→ WHAT TO PRODUCE:
For the data below, transcribe the part that opens with the line containing "大きく開いた胸元とセパレートタイプが珍しいチャイナコスチューム。" and closes with the line containing "A porch that", exactly and with no pictures.

→ THE DATA:
[Start of section]
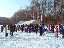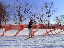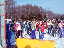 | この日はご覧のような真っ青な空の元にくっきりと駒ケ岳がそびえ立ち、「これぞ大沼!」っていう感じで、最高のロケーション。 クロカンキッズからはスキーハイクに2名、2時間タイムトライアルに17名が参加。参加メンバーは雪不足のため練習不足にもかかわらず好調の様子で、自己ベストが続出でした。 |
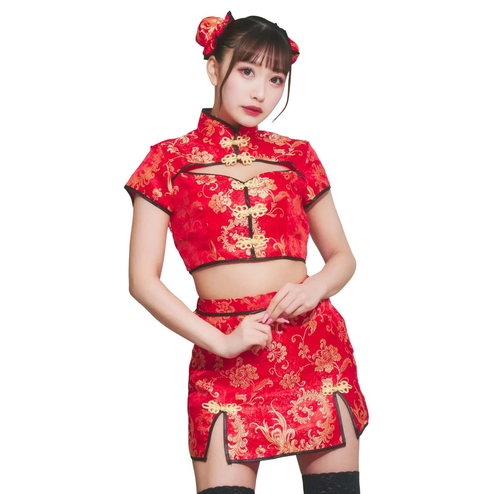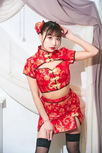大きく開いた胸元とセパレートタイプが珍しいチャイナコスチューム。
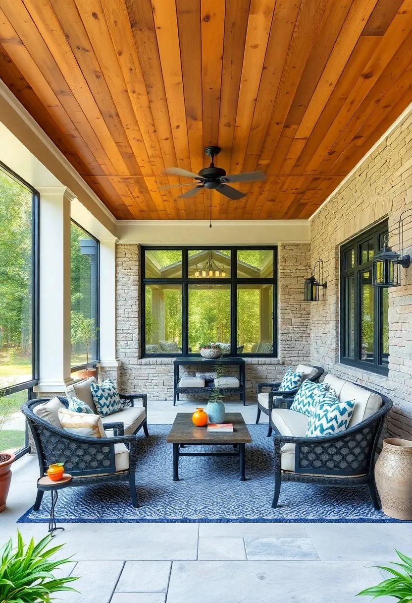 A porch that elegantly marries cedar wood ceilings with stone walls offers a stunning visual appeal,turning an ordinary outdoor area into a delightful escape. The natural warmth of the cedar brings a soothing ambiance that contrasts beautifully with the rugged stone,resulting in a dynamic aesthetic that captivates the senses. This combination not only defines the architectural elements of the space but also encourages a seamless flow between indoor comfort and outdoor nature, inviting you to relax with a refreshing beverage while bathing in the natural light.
[End of section]
[Start of section]
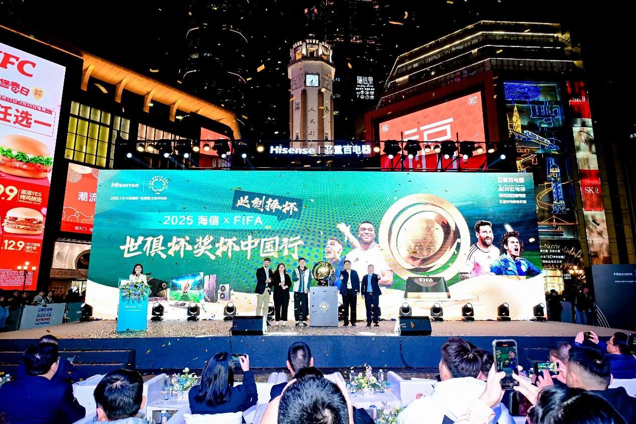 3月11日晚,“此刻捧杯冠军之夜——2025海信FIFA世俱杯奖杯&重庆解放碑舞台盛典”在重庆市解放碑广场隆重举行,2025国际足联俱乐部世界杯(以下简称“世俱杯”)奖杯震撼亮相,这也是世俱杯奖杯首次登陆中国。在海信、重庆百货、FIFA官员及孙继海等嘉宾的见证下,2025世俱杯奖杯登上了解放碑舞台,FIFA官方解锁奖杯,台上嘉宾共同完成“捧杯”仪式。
[End of section]
[Start of section]
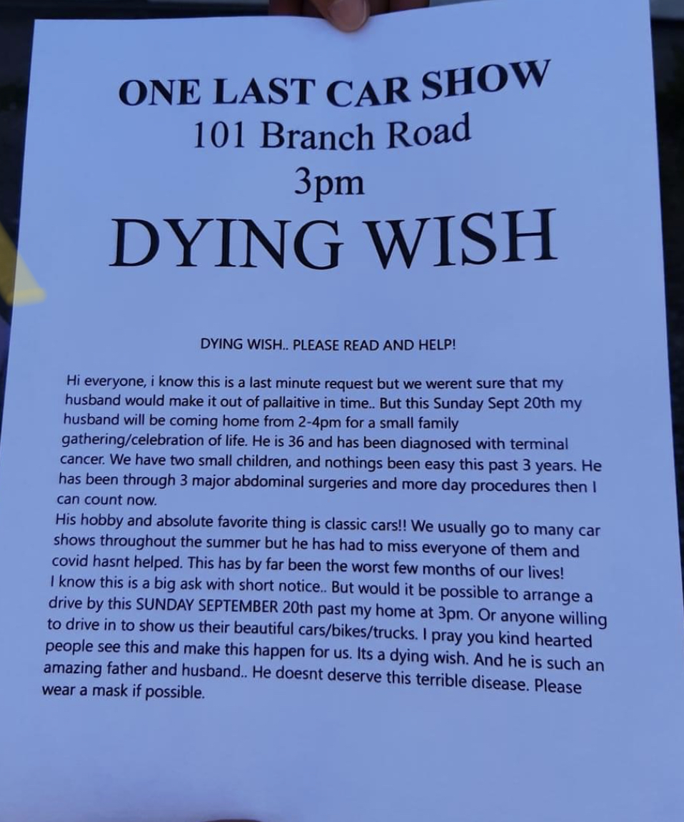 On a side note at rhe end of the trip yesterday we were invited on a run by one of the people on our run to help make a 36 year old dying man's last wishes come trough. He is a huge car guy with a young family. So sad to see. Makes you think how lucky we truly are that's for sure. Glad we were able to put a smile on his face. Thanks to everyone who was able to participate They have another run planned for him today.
[End of section]
→ THE ANSWER:
大きく開いた胸元とセパレートタイプが珍しいチャイナコスチューム。
 A porch that elegantly marries cedar wood ceilings with stone walls offers a stunning visual appeal,turning an ordinary outdoor area into a delightful escape. The natural warmth of the cedar brings a soothing ambiance that contrasts beautifully with the rugged stone,resulting in a dynamic aesthetic that captivates the senses. This combination not only defines the architectural elements of the space but also encourages a seamless flow between indoor comfort and outdoor nature, inviting you to relax with a refreshing beverage while bathing in the natural light.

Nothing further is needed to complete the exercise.